Exercise prompt: Reproduce the data in full, exactly as given, leaving images out.

Supplied data:

- - -

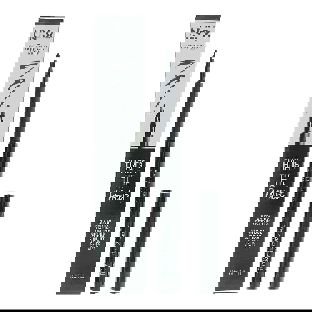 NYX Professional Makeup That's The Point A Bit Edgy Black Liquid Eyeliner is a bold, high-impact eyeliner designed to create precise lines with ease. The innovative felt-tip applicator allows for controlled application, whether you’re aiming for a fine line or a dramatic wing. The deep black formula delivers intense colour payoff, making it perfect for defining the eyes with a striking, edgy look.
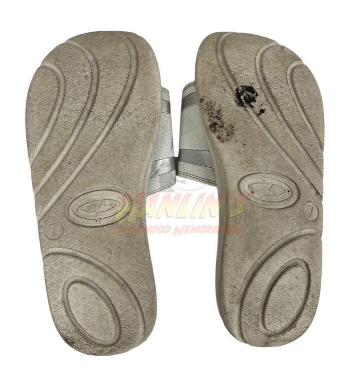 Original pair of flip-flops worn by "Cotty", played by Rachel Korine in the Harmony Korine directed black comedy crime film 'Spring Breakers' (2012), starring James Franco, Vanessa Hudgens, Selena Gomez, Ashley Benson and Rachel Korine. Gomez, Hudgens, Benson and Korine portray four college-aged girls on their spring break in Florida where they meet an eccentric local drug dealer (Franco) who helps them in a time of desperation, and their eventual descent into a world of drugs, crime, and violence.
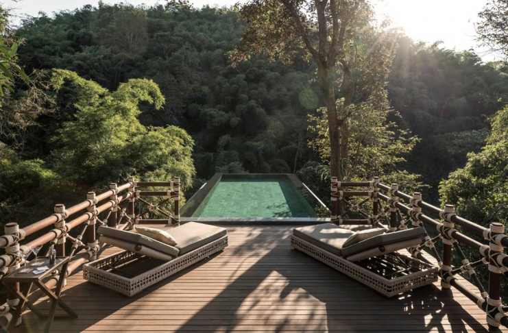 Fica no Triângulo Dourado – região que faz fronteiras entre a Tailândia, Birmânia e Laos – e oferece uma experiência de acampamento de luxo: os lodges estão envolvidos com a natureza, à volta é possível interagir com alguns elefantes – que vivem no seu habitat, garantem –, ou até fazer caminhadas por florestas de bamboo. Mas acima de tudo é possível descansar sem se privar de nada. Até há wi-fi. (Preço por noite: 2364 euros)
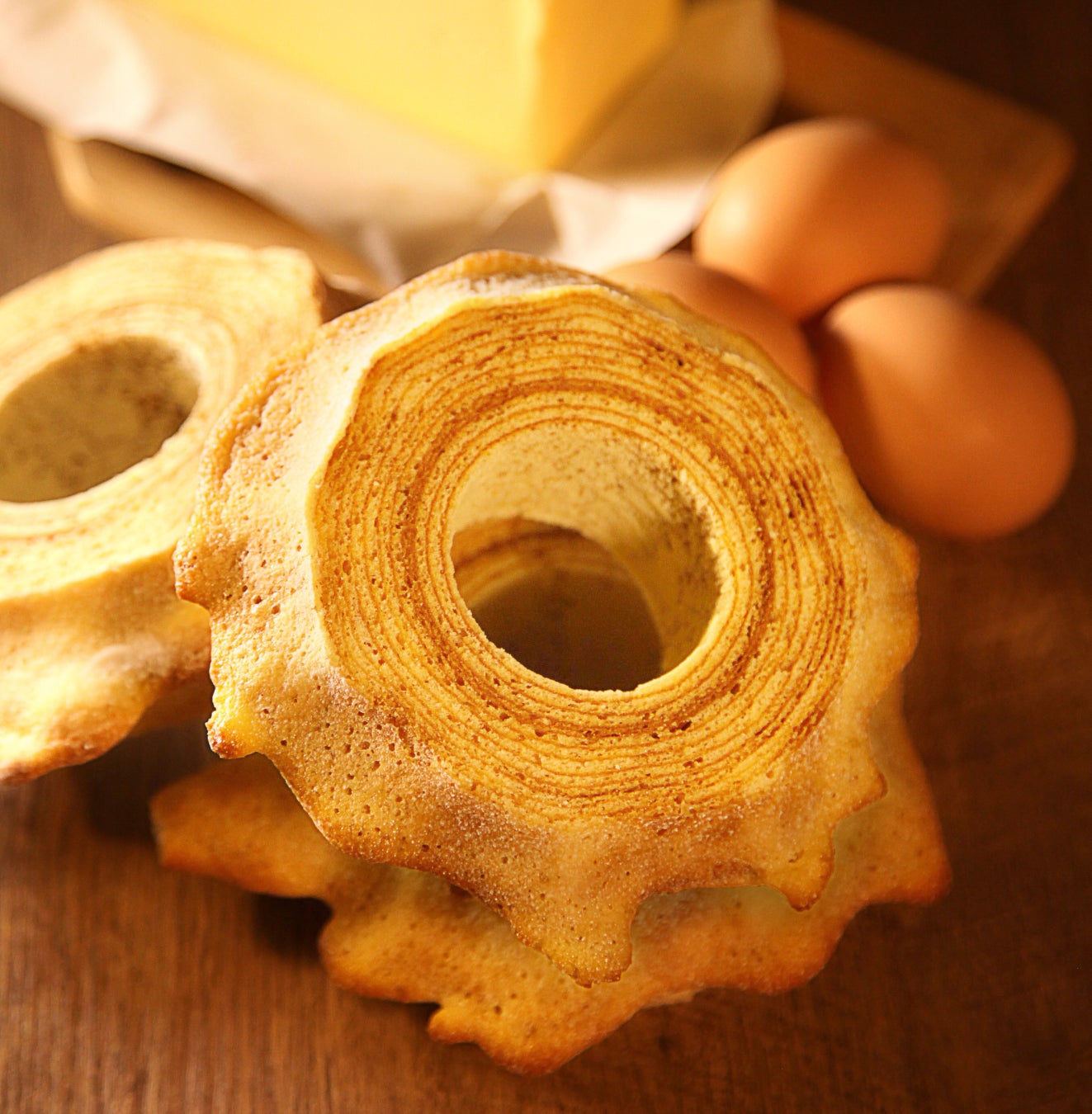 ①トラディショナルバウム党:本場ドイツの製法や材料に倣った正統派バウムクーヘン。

- - -

Answer section:
 NYX Professional Makeup That's The Point A Bit Edgy Black Liquid Eyeliner is a bold, high-impact eyeliner designed to create precise lines with ease. The innovative felt-tip applicator allows for controlled application, whether you’re aiming for a fine line or a dramatic wing. The deep black formula delivers intense colour payoff, making it perfect for defining the eyes with a striking, edgy look.
 Original pair of flip-flops worn by "Cotty", played by Rachel Korine in the Harmony Korine directed black comedy crime film 'Spring Breakers' (2012), starring James Franco, Vanessa Hudgens, Selena Gomez, Ashley Benson and Rachel Korine. Gomez, Hudgens, Benson and Korine portray four college-aged girls on their spring break in Florida where they meet an eccentric local drug dealer (Franco) who helps them in a time of desperation, and their eventual descent into a world of drugs, crime, and violence.
 Fica no Triângulo Dourado – região que faz fronteiras entre a Tailândia, Birmânia e Laos – e oferece uma experiência de acampamento de luxo: os lodges estão envolvidos com a natureza, à volta é possível interagir com alguns elefantes – que vivem no seu habitat, garantem –, ou até fazer caminhadas por florestas de bamboo. Mas acima de tudo é possível descansar sem se privar de nada. Até há wi-fi. (Preço por noite: 2364 euros)
 ①トラディショナルバウム党:本場ドイツの製法や材料に倣った正統派バウムクーヘン。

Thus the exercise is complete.